Say that a Banach space $X$ has property $K$ (for Kummers) provided every subspace of $X$ that is isomorphic to $X$ is complemented. The classical separable, infinite dimensional spaces that have property $K$ include $\ell_2$, $c_0$, and $\ell_2 \oplus c_0$; the first obviously, the second because $c_0$ is separably injective, and the last is not hard to show. It is known that $\ell_p$ for $1\le p \not= 2 < \infty$ does not have property $K$, and it is not hard to show that other possible examples, such as $\ell_2(c_0)$ and $c_0(\ell_2)$, fail property $K$. Ultrapowers of $\ell_2$ of course have property $K$. I don't know about ultrapowers of $c_0$. Are they all injective (which clearly implies property $K$)? Probably not, but I did not try to check the literature.
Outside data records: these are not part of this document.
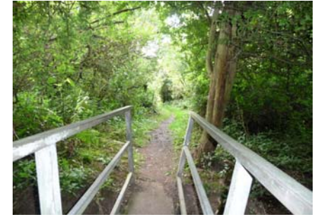
8. Go over the Right side footbridge and follow the path.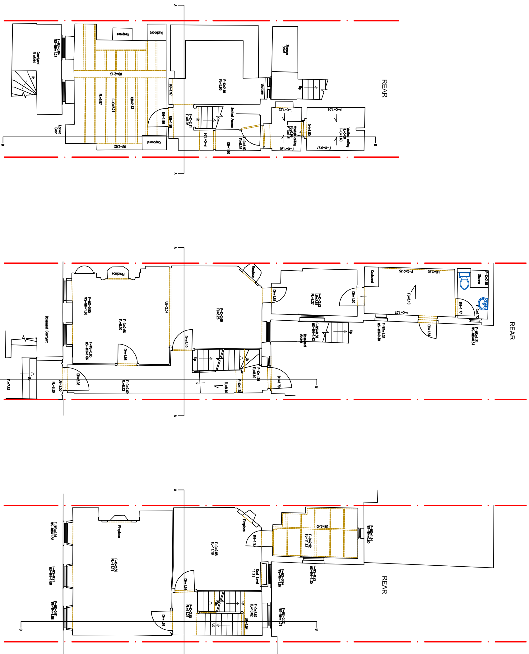
Proposed Lower Ground Floor Plan (no change) 1:100@A3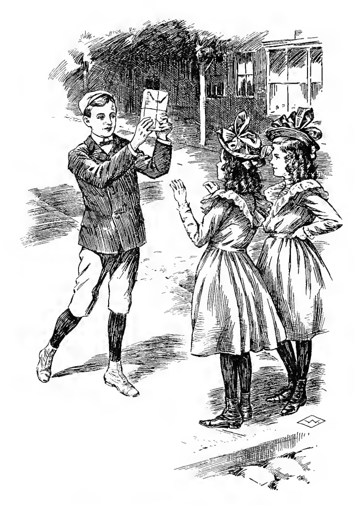
"I GOT IT! I GOT THE PRIZE!" HE CRIED.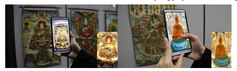
Figure 4 AR Interactive Cultural and Creative products.

According to the new wave of market demand, break the original material carrier, and constantly develop new possibilities in the form of artistic expression, such as AR expression of cultural and creative design, so as to cater to the diversified needs of young people, as shown in "Figure 4".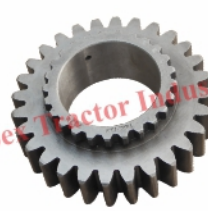
Part No. AP 506 Gear Z-28/25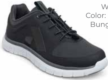
W023-13 Color: Black/Gray Bungee / Lace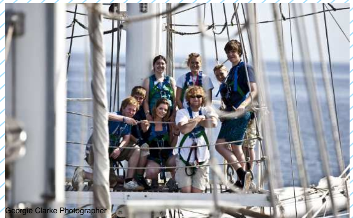
George Clarke Photographer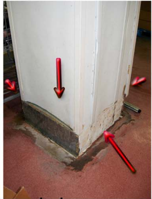
coving missing many spots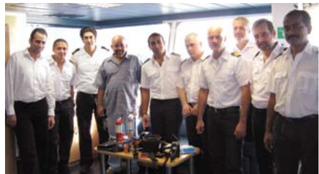
■ With one of the fleet vessel's crew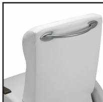
Push Bar IRC-A-PB-A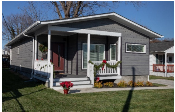
Finished indieDwell Home on Foundation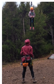
High ropes course at Rotoiti Lodge.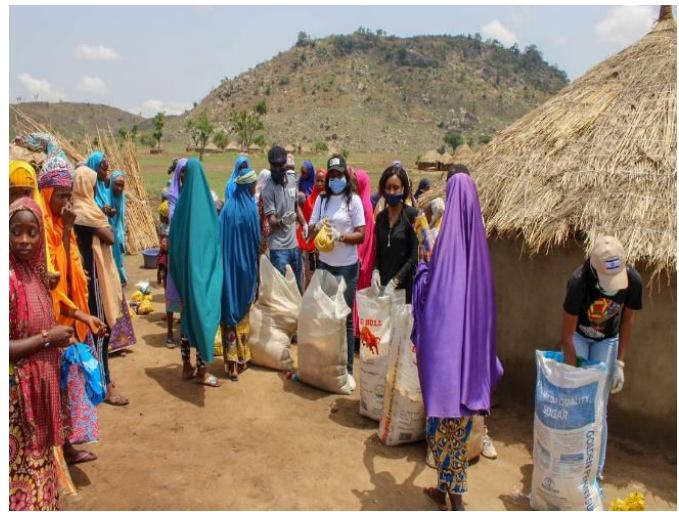
Sam Empowerment Foundation Team delivering food materials to households at Giri, FCT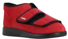
60919 Genua Colour Page 18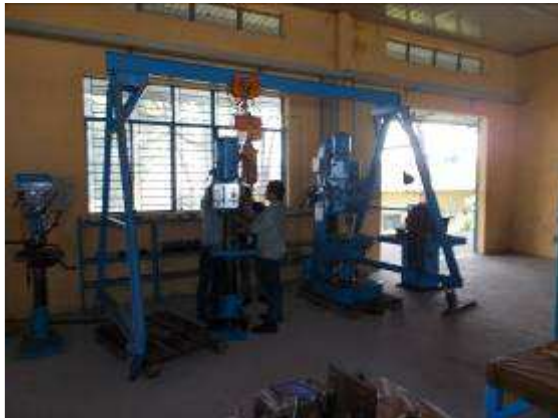
P35: We are glad that we made the mobile crane 2 tons.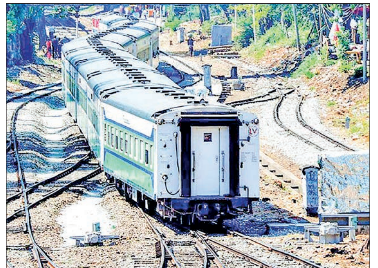
Upgrading works are seen at the Yangon Circular Rail Section.

The Yangon Circular Rail Section is undergoing significant improvements, with seven stations — Aung-san, Kamayut, Okkyin, Phawkan, Thamine, Tamway, and Kyaukyaydwin set to undergo upgrades and renovations. The tender announcement for these upgrades has already been released.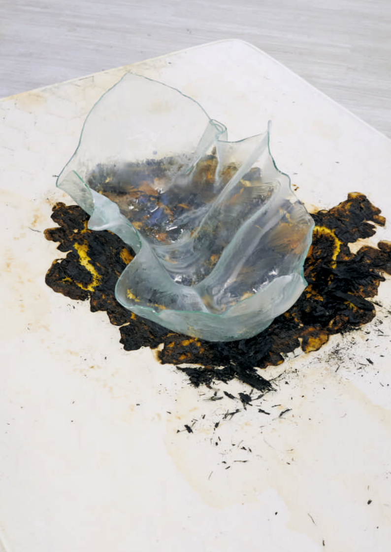
Untitled, 2023 Matress, Glass 160 x 200 cm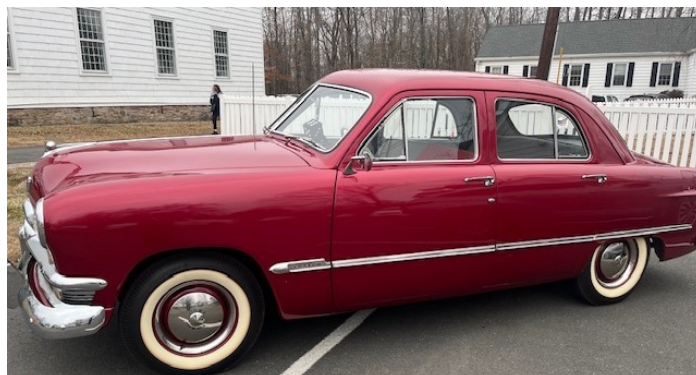
Don's beloved '50 Ford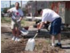
Huge amounts of clean-up work is still needed in neighborhoods devastated by Katrina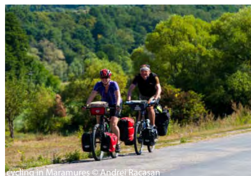
cycling in Maramures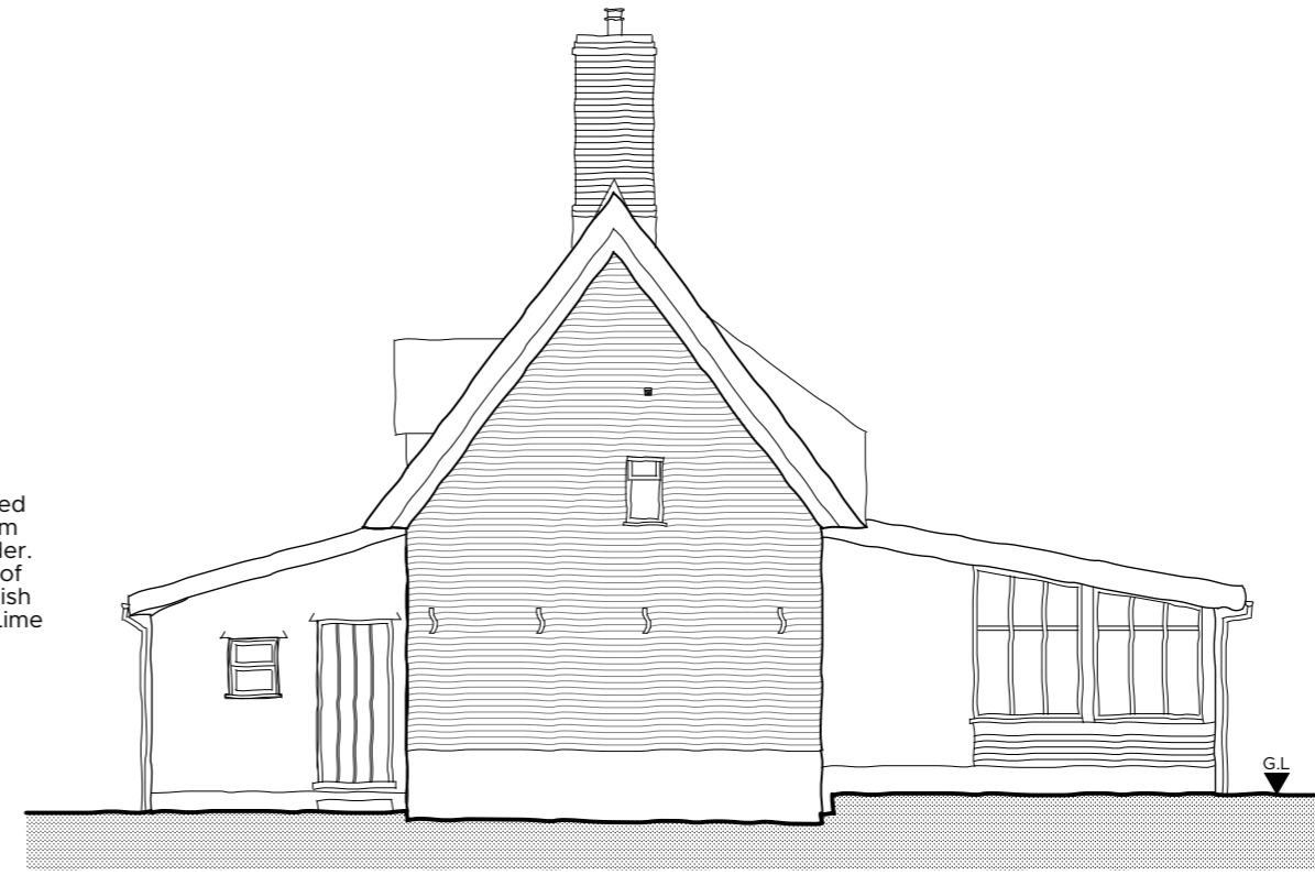
2 Proposed North - West Elevation Scale: 1:100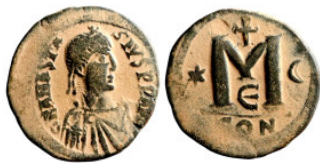
681 Anastasius I (491-518) Follis. Obverse: DN ANASTASVS PP AVG diademed, draped, and cuirassed bust right Reverse: Large M 33mm 17.00g Artificial sand patina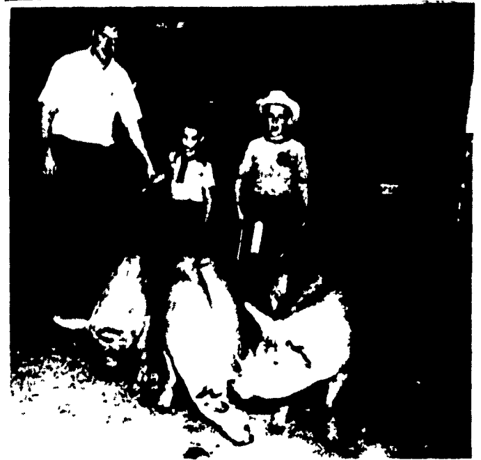
CHAMPION TRIO OF 4-H PIGS CUMBERLAND COUNTY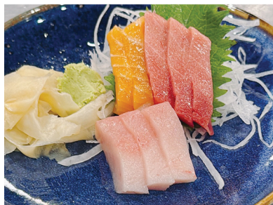
Sashimi 8 Pc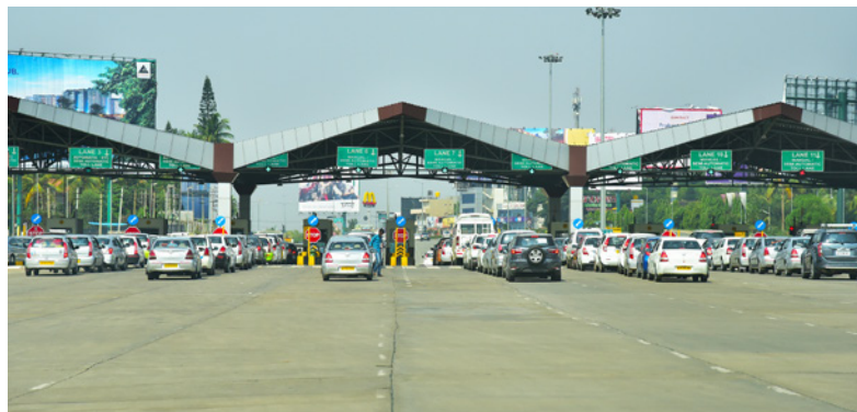
Toll in Karnataka.

The major Spanish companies that are already established in India in the field of road construction include Grupo San Jose , whose project to widen and improve the two-lane road section of 133 kilometres between the localities of Raebareli and Banda was inaugurated by no other than Prime Minister Modi at the end of 2018; or the company from Sevilla Ayesa , which

However, every (complex) HI space [Gowers-Maurey] is not isomorphic to any proper subspace and hence has property $K$. Some real HI spaces have the same property. Now there are HI spaces that contain uniformly complemented copies of $\ell_1^n$ for all $n$. Probably the original Gowers-Maurey space has this property, but, as Thomas Schlumprecht pointed out to me, it is clear that the HI space $AD$ of Argyros-Delyiani does, and $AD$ has property $K$. Since $\ell_1$ is a dual space, there is an ultrapower $Y$ of $AD$ that contains complemented copies of $\ell_1$ and hence $Y$ is isomorphic to $Y \oplus \ell_1$. But $\ell_1$ contains an uncomplemented copy of $\ell_1$ [Bourgain] and hence $Y$ contains an uncomplemented copy of itself.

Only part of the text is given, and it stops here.